Na dita peça jornalística, após abordar-se o aeroporto de Beja de forma errónea, aparece o Presidente da Câmara de Beja, no parque de Feiras e Exposições. A conversa começa com um embuste enorme por parte do Pulido Valente, que refere a realização anual da “Experiências a Sul”, quando ela não foi realizada no último ano, tendo sido cancelada pelo próprio. Como alguém pode citar algo que não existe, e pior, foi o próprio que findou com essa feira e exposição? E, verdade seja dita, nunca foi, em termos de dimensão e projeção, uma grande feira.

E, aproveitando o local, poderia explicar aos munícipes bejenses as promessas feitas por si, nomeadamente sobre o parque de feira e exposições, que segundo o próprio, iria mudar e revolucionar a cidade e que não foram concretizadas.
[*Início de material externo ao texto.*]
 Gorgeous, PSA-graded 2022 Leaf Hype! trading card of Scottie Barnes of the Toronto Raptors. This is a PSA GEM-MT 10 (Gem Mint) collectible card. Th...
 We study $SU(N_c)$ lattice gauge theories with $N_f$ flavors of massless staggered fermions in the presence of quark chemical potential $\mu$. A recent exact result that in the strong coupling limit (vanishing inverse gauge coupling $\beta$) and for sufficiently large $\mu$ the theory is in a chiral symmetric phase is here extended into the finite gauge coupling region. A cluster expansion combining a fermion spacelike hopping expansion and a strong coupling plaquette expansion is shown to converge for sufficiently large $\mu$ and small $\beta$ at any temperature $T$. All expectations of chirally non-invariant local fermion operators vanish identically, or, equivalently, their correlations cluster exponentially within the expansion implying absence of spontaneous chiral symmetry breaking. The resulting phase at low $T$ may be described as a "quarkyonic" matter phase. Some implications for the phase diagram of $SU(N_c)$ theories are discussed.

O Presidente puxa das Palavras Andarilhas como se fosse o maior apoiante das mesmas, quando a Câmara cortou por completo o apoio a esse evento, ou seja,  cortou-lhe as pernas. E sem pernas, não se anda. Além disso, a Biblioteca Municipal está num estado de conservação muito fraco, necessitando de obras nas suas instalações e renovação do seu equipamento: mesas, cadeiras, estantes, disposição das salas de estudo, computadores, iluminação, livros e outro tipo de material. Pessoalmente, cada vez que vou à biblioteca, fico com menos vontade de lá retornar. Não por causa das pessoas que lá trabalham, que são extremamente competentes, simpáticas e apaixonadas pelo seu trabalho, mas pela falta de condições no seu interior, falta de um ambiente novo, moderno e com condições para trabalhar e estudar.
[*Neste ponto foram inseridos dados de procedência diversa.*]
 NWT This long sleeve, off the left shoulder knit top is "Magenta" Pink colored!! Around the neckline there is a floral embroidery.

Relativamente ao novo edifício da ESTIG (Escola Superior de Tecnologia e Gestão), este foi construído, por todos os motivos e mais alguns. Primeiro, a escola não tinha edifício, encontrando-se num espaço alugado e sem condições para estudar, leccionar aulas, trabalhar, ou seja, aprender! E esse é o objetivo de qualquer escola. Segundo, o novo edifício foi construído tendo em conta uma previsão de X cursos e X alunos por ano, que devido à crise, não se concretizou. Como dado estatístico, em 2007, havia no IPBeja 3.344, sendo a ESTIG a escola com mais alunos. No último ano (2012) foram colocados apena 224 alunos nas 4 escolas que integram o IPB. E aqui, tal como certas autoestradas fora construídas e dimensionados para 10.000 carros/dia e atualmente circulam 5.000 carros/dia.

 

É triste ver a nossa cidade tornar-se chacota nacional e não haver um líder capaz de defender a cidade e a região. Nem a nível local, nem a nível nacional (deputados).